LFS Animal Welfare Alumni Come Together to Create Wildlife Accreditation Program
December 9, 2016
Three UBC Animal Welfare Program alumni have joined forces to create an accreditation program that will encourage wildlife and rodent control companies to make ethical decisions when controlling wildlife populations.
Sara Dubois (PhD & MSc, Animal Science, 2014 & 2003), Nicole Fenwick (MSc, Animal Science, 2005) and Erin A’tman Ryan (BSc Applied Biology, Major in Applied Animal Biology, 2014) have consulted extensively with the pest control industry in the province and with animal welfare scientists internationally, to create humane wildlife control standards to inform the novel accreditation program.

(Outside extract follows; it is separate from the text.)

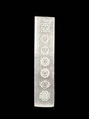 Natural Selenite Crystal 7 Chakra Symbols Charging Slab Size 1.5x8" Inches
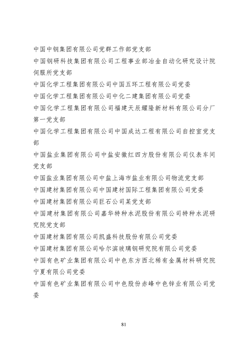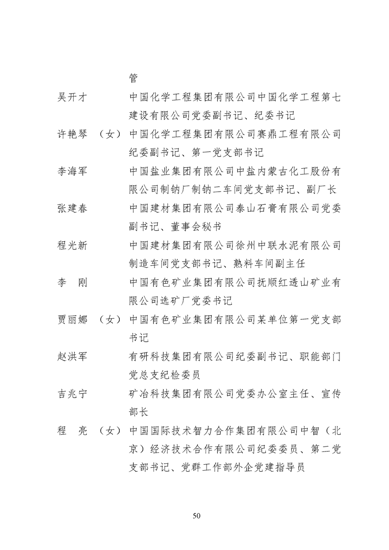 为表彰先进、弘扬正气,激励各级党组织和广大共产党员在把握新发展阶段、贯彻新发展理念、构建新发展格局中奋发有为、建功立业,国资委党委决定,授予邢继等338名共产党员“中央企业优秀共产党员”称号(含追授2名),授予王军艳等205名党务工作者“中央企业优秀党务工作者”称号,授予中国核工业集团有限公司福建福清核电有限公司党委等448个基层党组织“中央企业先进基层党组织”称号。这次表彰的优秀个人和先进集体是中央企业各条战线上的杰出代表,他们的先进事迹和崇高精神充分展示了新时代共产党人的先进性和纯洁性,生动诠释了中央企业共产党员的初心和使命,彰显了国有企业先进精神的无穷伟力。

“I’ve seen significant welfare concerns for wildlife in pest control with injured and orphaned wild animals being brought in to the BC SPCA as a result of bad practices,” said Dubois, an Adjunct Professor in the UBC Animal Welfare Program and Chief Scientific Officer at the BC SPCA. “The accreditation program is a practical approach to resolving urban animal welfare issues in BC.”
Dubois and Professor David Fraser initiated the project in 2014 with an application to the Peter Wall Institute. The Wall Solutions Initiative enables UBC faculty members to address issues of societal importance through innovative, interdisciplinary and academically rigorous research projects. UBC researchers engage with end-users or community partners – in this case the BC SPCA – to develop innovative research solutions that can be adopted by those end-users or other target communities.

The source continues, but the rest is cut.